12. A method for producing butanol, comprising the steps of culturing a recombinant microorganism of claim 1 in a culture medium containing glucose, and collecting butanol from a culture thereof.

13. A method for producing butanol, comprising the steps of culturing a recombinant microorganism of claim 8 in a culture medium containing glucose, and collecting butanol from a culture thereof.

14. A vector containing the DNA sequences of SEQ. ID No: 9 and SEQ. ID No: 10.

15. A method of metabolically engineering the recombinant microorganism of claim 1 capable of producing butanol from a substrate, comprising the steps of: obtaining a microbial host capable of naturally producing butyric acid, andtransferring a foreign gene that encodes an enzyme having both alcohol/aldehyde dehydrogenase and butanol hydrogenase activity into the microbial host.

16. The method of claim 15, further comprising the step of transferring to the microbial host a foreign gene for inactivating acetate kinase.

17. The method of claim 15, further comprising the step of transferring to the microbial host a foreign gene for inactivating phosphotransbutyrylase.

18. The method of claim 15, further comprising the step of transferring to the microbial host a foreign gene for inactivating phosphotransacetylase.

19. The method of claim 15, wherein the microbial host is C. tyrobutyricum.

20. The method of claim 15, wherein the microbial host is selected from the group consisting of Clostridium butyricum, Clostridium thermobutyricum, Clostridium cellulovorans, Clostridium carboxidivorans, Butyribacterium methylotrophicum, Clostridium polysaccharolyticum, Clostridium populeti, and Clostridium kluyveri.

21. An isolated and biologically pure culture of a bacterial mutant strain having the ATCC deposit No. PTA-12145.

22. The recombinant microorganism of claim 8, where the foreign gene for inactivating acetate kinase is DNA comprising the base sequence of SEQ. ID NO: 11.

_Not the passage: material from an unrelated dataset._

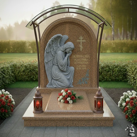 Плавные изгибы стелы, напоминающие мягкую волну, символизируют жизненный путь, его изменчивость и в то же время неизбежное движение к покою. Форма арки, обрамляющая фигуру ангела, ассоциируется с небесным сводом, защитой и переходом в иной мир. Скорбящий ангел – это мощный символ утешения, защиты и веры в бессмертие души. Он олицетворяет присутствие высших сил, оберегающих усопшего и дарующих покой его близким. Цветочная гравировка в нижней части стелы служит напоминанием о быстротечности жизни и ее красоте, а крест – о христианской вере и надежде на вечную жизнь. Вся композиция наполнена глубоким смыслом, призывая к осмыслению и принятию неизбежности, но при этом даруя утешение и надежду.
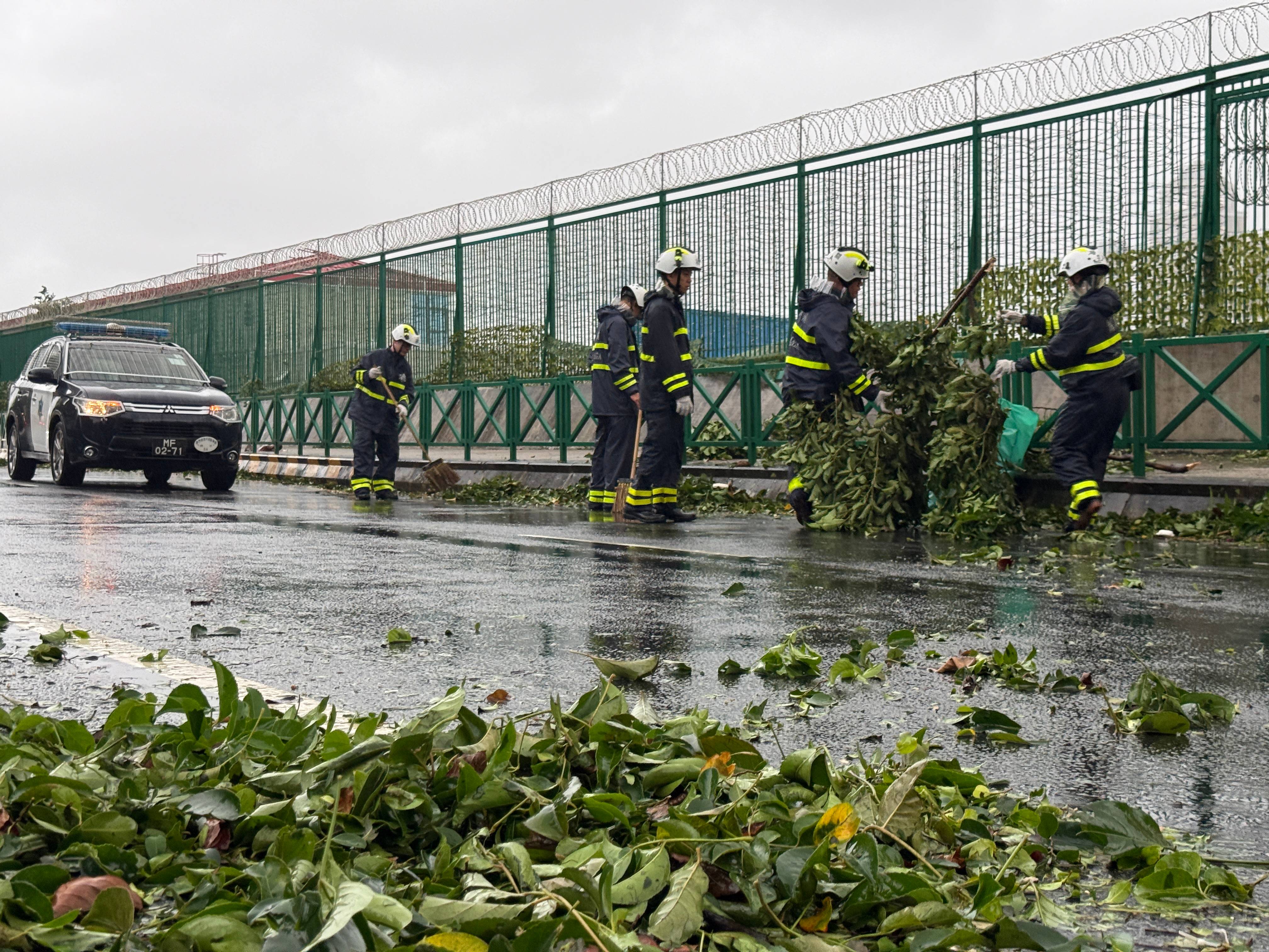 保安部隊及保安部門人員於風後進行清障工作

23. The recombinant microorganism of claim 10, wherein the foreign gene for inactivating phosphotransacetylase is DNA comprising the base sequence of SEQ. ID NO: 12.

24. The recombinant organism of claim 11, wherein the thiolase promoter sequence is a DNA comprising the base sequence of SEQ. ID NO: 10.

25. The recombinant microorganism of claim 1, wherein the transfer of SEQ ID NO: 9 is accomplished using a vector that includes pCB102 replicon from Clostridium butyricum.

26. The recombinant microorganism of claim 1, wherein the transfer of SEQ ID NO: 9 is accomplished using a vector that includes pBP1 replicon from Clostridium botulinum.